- [About this task] Would you please repeat, word for word, only the lines from the one holding "J. Crew Bondi" through the one holding "Тумба с раковиной" in the material below, without the pictures?

-------- Input records

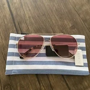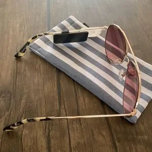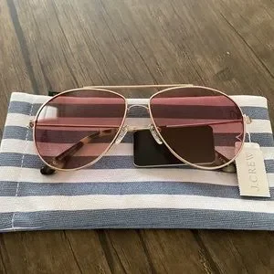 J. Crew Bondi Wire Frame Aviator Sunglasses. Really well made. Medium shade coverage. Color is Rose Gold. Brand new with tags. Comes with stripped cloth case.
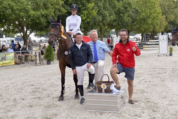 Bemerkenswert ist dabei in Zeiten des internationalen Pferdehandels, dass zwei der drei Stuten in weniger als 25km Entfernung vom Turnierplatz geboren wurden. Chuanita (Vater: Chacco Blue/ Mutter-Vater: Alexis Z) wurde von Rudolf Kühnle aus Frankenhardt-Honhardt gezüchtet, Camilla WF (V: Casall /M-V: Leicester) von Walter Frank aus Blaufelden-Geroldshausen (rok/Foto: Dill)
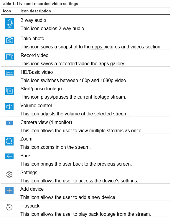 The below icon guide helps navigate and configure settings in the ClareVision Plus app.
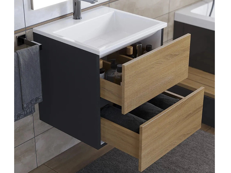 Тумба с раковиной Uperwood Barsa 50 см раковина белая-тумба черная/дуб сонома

----------------
-------- Input records

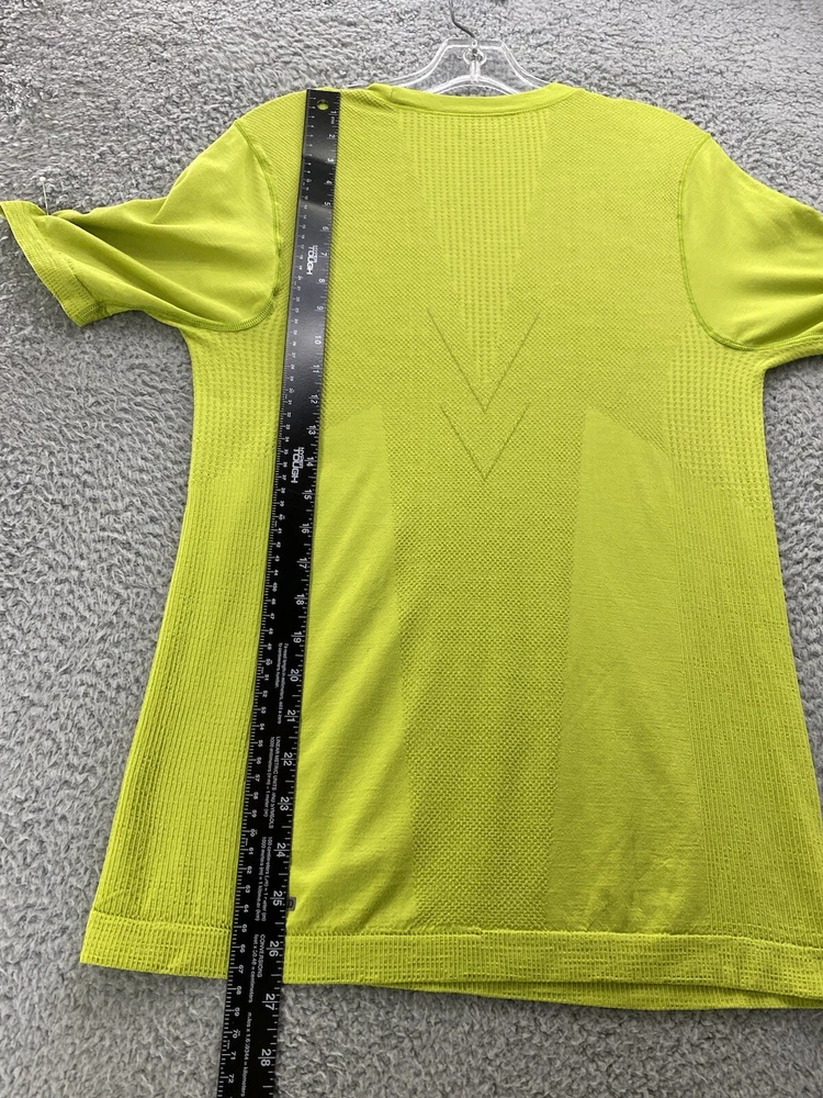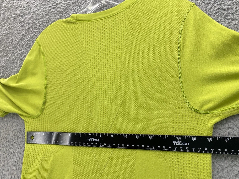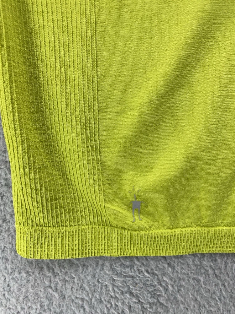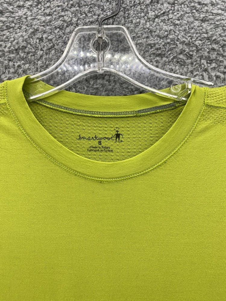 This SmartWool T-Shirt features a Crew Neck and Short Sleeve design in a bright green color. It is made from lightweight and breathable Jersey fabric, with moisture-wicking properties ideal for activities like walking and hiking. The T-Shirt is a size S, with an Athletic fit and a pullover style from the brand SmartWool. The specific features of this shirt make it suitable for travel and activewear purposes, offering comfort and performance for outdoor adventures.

----------------
-------- Input records

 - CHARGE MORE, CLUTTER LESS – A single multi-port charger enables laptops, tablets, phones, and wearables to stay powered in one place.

----------------

- [Exercise response]
 J. Crew Bondi Wire Frame Aviator Sunglasses. Really well made. Medium shade coverage. Color is Rose Gold. Brand new with tags. Comes with stripped cloth case.
 Bemerkenswert ist dabei in Zeiten des internationalen Pferdehandels, dass zwei der drei Stuten in weniger als 25km Entfernung vom Turnierplatz geboren wurden. Chuanita (Vater: Chacco Blue/ Mutter-Vater: Alexis Z) wurde von Rudolf Kühnle aus Frankenhardt-Honhardt gezüchtet, Camilla WF (V: Casall /M-V: Leicester) von Walter Frank aus Blaufelden-Geroldshausen (rok/Foto: Dill)
 The below icon guide helps navigate and configure settings in the ClareVision Plus app.
 Тумба с раковиной Uperwood Barsa 50 см раковина белая-тумба черная/дуб сонома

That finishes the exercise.